*** Opening DATASET EXTRACT ***

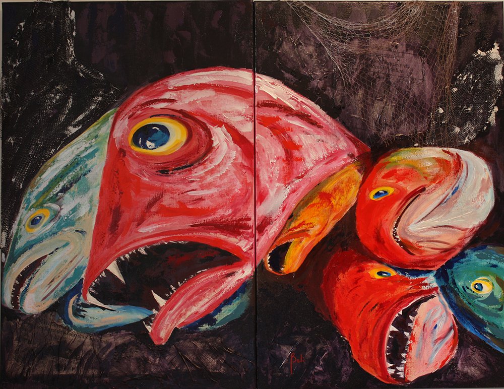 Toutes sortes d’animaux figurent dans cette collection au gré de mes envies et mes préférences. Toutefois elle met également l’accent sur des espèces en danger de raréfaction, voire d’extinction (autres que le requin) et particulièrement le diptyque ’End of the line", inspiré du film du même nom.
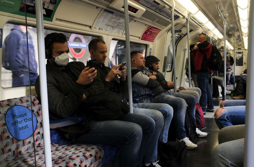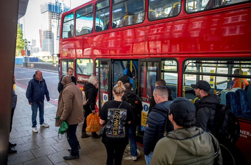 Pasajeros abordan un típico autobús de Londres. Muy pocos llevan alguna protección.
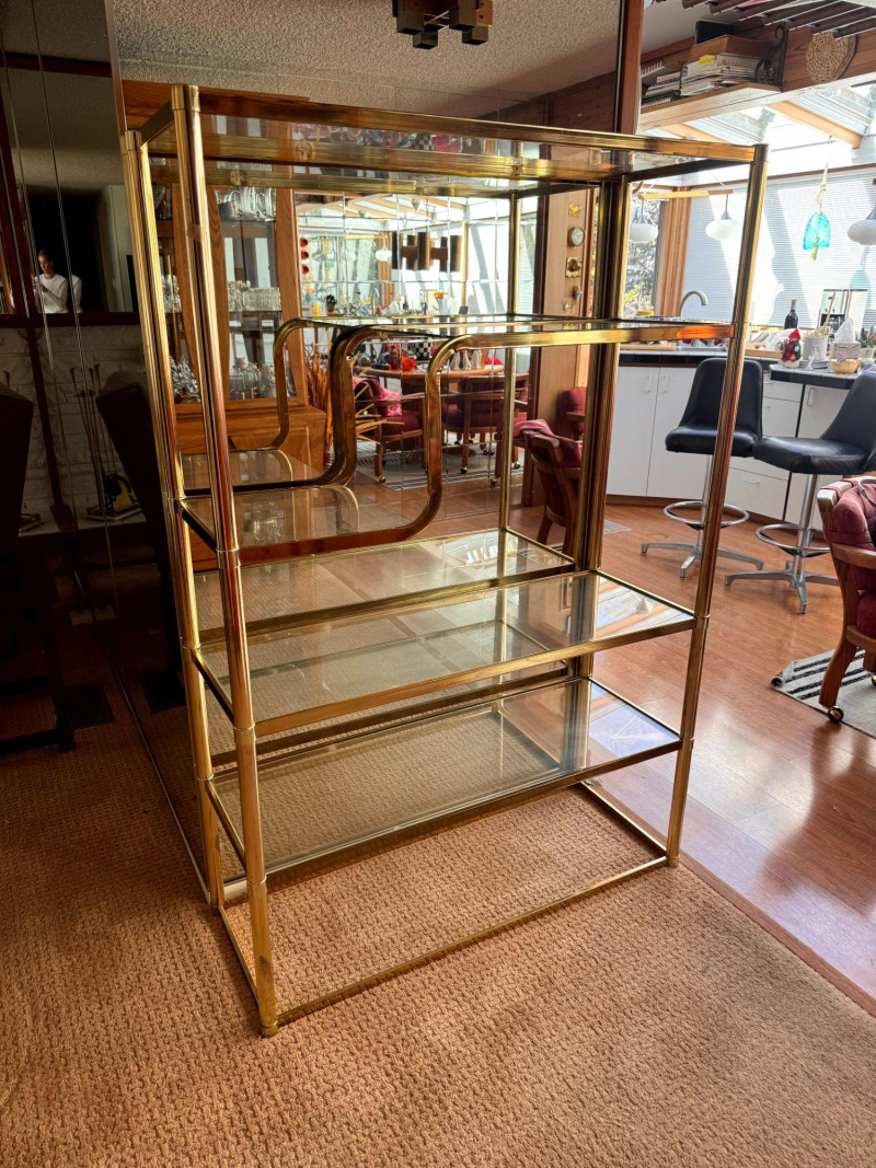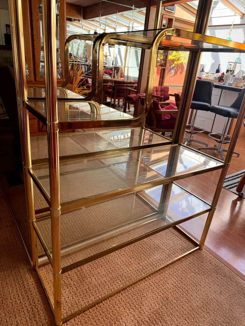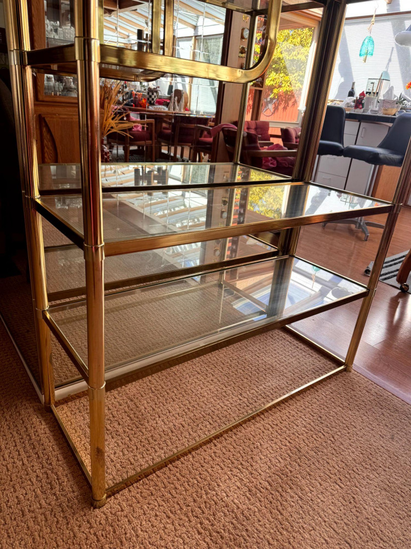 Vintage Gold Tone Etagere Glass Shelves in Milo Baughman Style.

*** Closing DATASET EXTRACT ***

INSTRUCTIONS TO FOLLOW. Pictures are to be left out; the rest of the listing should be printed exactly.

FINISHED TASK.
 Toutes sortes d’animaux figurent dans cette collection au gré de mes envies et mes préférences. Toutefois elle met également l’accent sur des espèces en danger de raréfaction, voire d’extinction (autres que le requin) et particulièrement le diptyque ’End of the line", inspiré du film du même nom.
 Pasajeros abordan un típico autobús de Londres. Muy pocos llevan alguna protección.
 Vintage Gold Tone Etagere Glass Shelves in Milo Baughman Style.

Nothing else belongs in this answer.